Простившись с сестрою, я уехал в Петербург,
где меня, с великим нетерпением, ожидал протоиерей А.И.Маляревский.
“Спаси Ее Господи”, – беспрестанно повторял
о.Александр, слушая мой рассказ.
“А на каком языке говорила с вами Императрица?”
– спросил он.
“На превосходном русском языке, без малейшего
даже акцента иностранки, – ответил я. – Вы знаете, как неохотно я отзывался
на всякого рода приглашения светских дам и уклонялся от посещения разных
салонов... Это потому, что я всегда был чужим среди знати, чувствовал эту
фальшь и неискренность, какие прикрывались такою нарядною внешностью, и
задыхался в этой атмосфере лжи... Как ни высоко стоял человек, а ему хотелось
казаться в моих глазах еще выше, и он старался задавить меня своим величием...

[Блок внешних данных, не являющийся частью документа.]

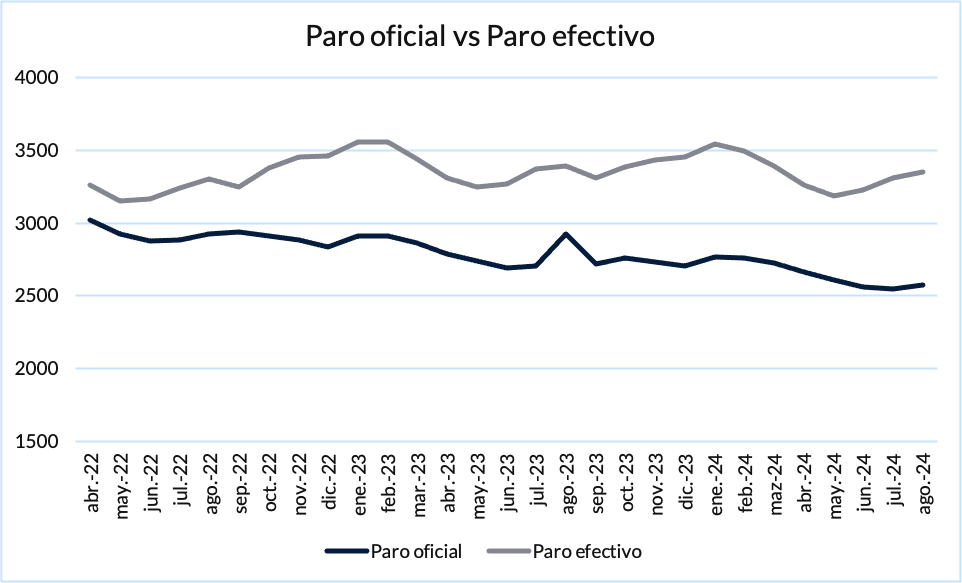 Este enfoque pone de relieve la incidencia del maquillaje estadístico introducido por la contrarreforma laboral de Díaz. Así, en agosto de 2024 había en España un dato oficial de 2.572.000 parados, frente a un desempleo efectivo que alcanzaba a 3.354 personas.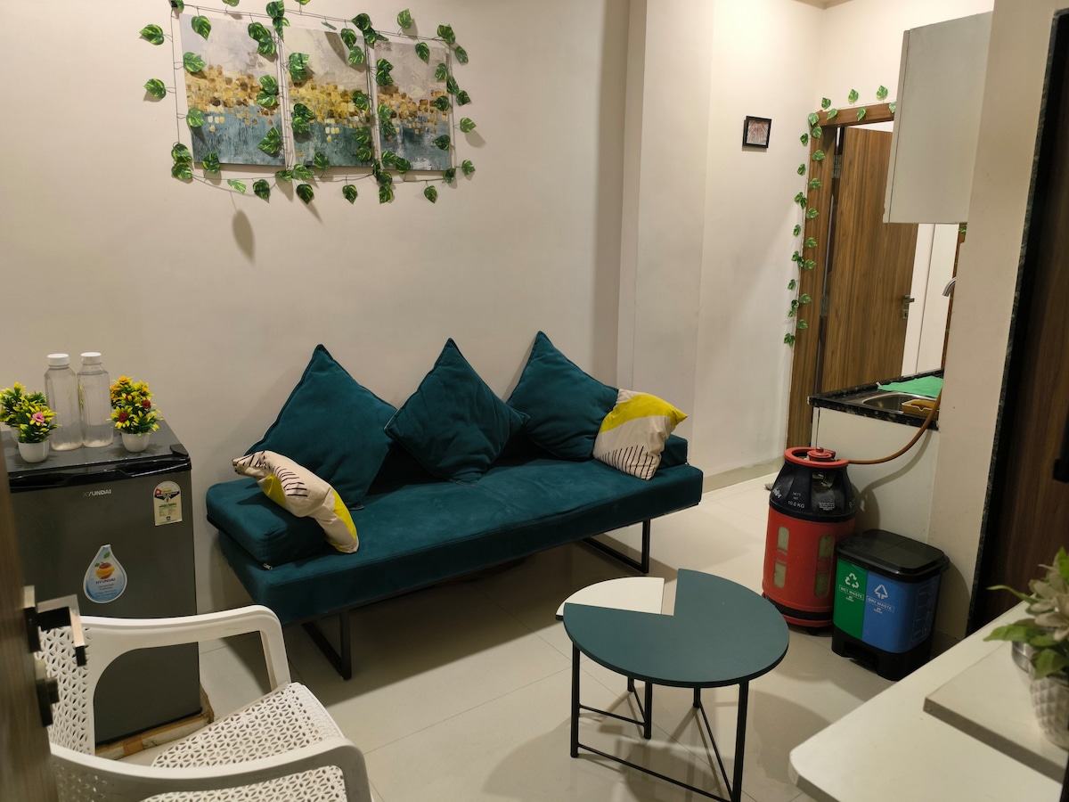 Forget your worries in this spacious and serene space. Relax in this luxurious 375 sq.ft. 1RK designed for premium comfort. Enjoy a private front balcony, fully equipped kitchen with personal RO, and a plush 7’x7’ bed with 8” memory foam mattress. Unwind on the 4-seater recliner sofa, stream on Android TV, and stay connected with free high-speed WiFi. Spacious wardrobe, big dresser, cloth hanger. Perfect for short and also long stays.

И вот сегодня, в первый раз, я увидел коронованную Царицу... Там – одно
смирение, одна чистота, какая-то святость даже... Ни малейшего намека на
высоту положения, ничего деланного, искусственного... Всегда я защищал
Императрицу от нападок, не зная, чувствовал Ее... А теперь буду громко
говорить всем, что, если бы слушались Императрицу, то не было бы и того,
что случилось... У Нее не только большой ум, но и ум облагодатствованный”...
“Сохрани и спаси Ее, страдалицу, Матерь Божья!
– сказал протоиерей А.И.Маляревский, – привел-таки Святитель Иоасаф Вас
и к Царице. Поведет и дальше: только не упирайтесь... Не будут Вас смущать
больше мысли о поездке в Ставку?!. Теперь и сами увидели, что ехать туда
нужно было Вам, а не полковнику, и что не даром Святитель посылал Вас туда”...
Так кончился день 10 октября 1915 года.